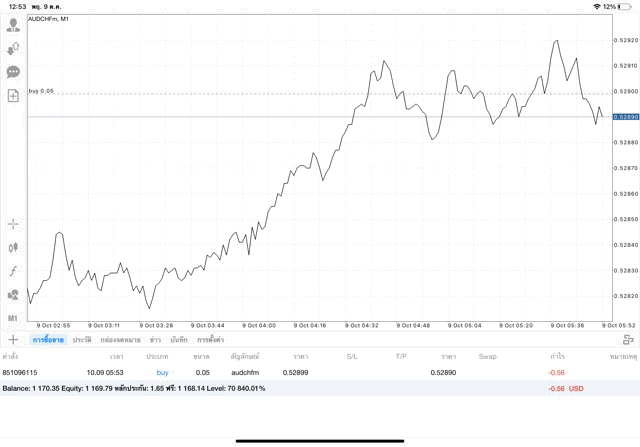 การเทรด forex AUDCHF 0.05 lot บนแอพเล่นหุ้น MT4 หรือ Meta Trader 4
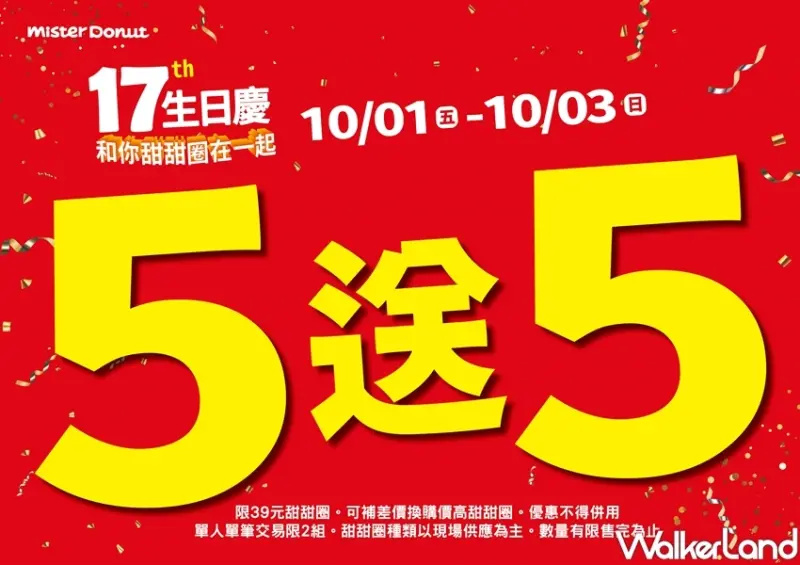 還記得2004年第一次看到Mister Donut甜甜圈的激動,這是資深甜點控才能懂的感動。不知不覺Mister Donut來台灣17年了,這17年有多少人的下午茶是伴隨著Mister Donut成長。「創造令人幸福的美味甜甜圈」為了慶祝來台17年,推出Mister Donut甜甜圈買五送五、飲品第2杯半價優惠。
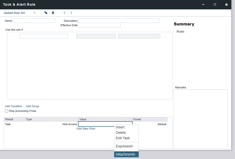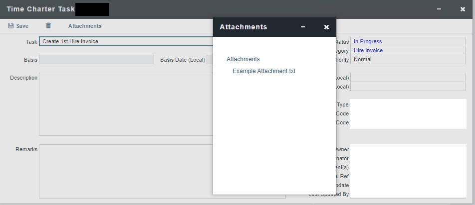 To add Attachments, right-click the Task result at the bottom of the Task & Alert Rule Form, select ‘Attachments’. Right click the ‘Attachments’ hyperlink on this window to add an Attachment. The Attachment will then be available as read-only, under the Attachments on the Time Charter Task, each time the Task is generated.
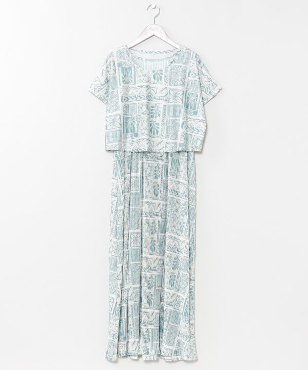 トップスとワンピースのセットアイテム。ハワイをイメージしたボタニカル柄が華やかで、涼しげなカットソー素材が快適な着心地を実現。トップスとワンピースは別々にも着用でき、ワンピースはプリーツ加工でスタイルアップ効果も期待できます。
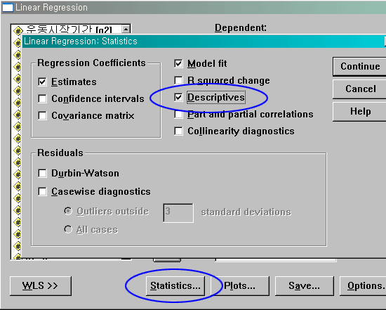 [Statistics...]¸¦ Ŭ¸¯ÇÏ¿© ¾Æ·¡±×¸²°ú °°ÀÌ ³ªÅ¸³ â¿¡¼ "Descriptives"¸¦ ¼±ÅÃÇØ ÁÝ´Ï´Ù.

----------------

• What needs to be done: A word-for-word copy is needed of the lines from the line with "トップスとワンピースのセット" through the last line of the entries above, with both ends kept and the pictures dropped.

• Reply to the task:
 トップスとワンピースのセットアイテム。ハワイをイメージしたボタニカル柄が華やかで、涼しげなカットソー素材が快適な着心地を実現。トップスとワンピースは別々にも着用でき、ワンピースはプリーツ加工でスタイルアップ効果も期待できます。
 [Statistics...]¸¦ Ŭ¸¯ÇÏ¿© ¾Æ·¡±×¸²°ú °°ÀÌ ³ªÅ¸³ â¿¡¼ "Descriptives"¸¦ ¼±ÅÃÇØ ÁÝ´Ï´Ù.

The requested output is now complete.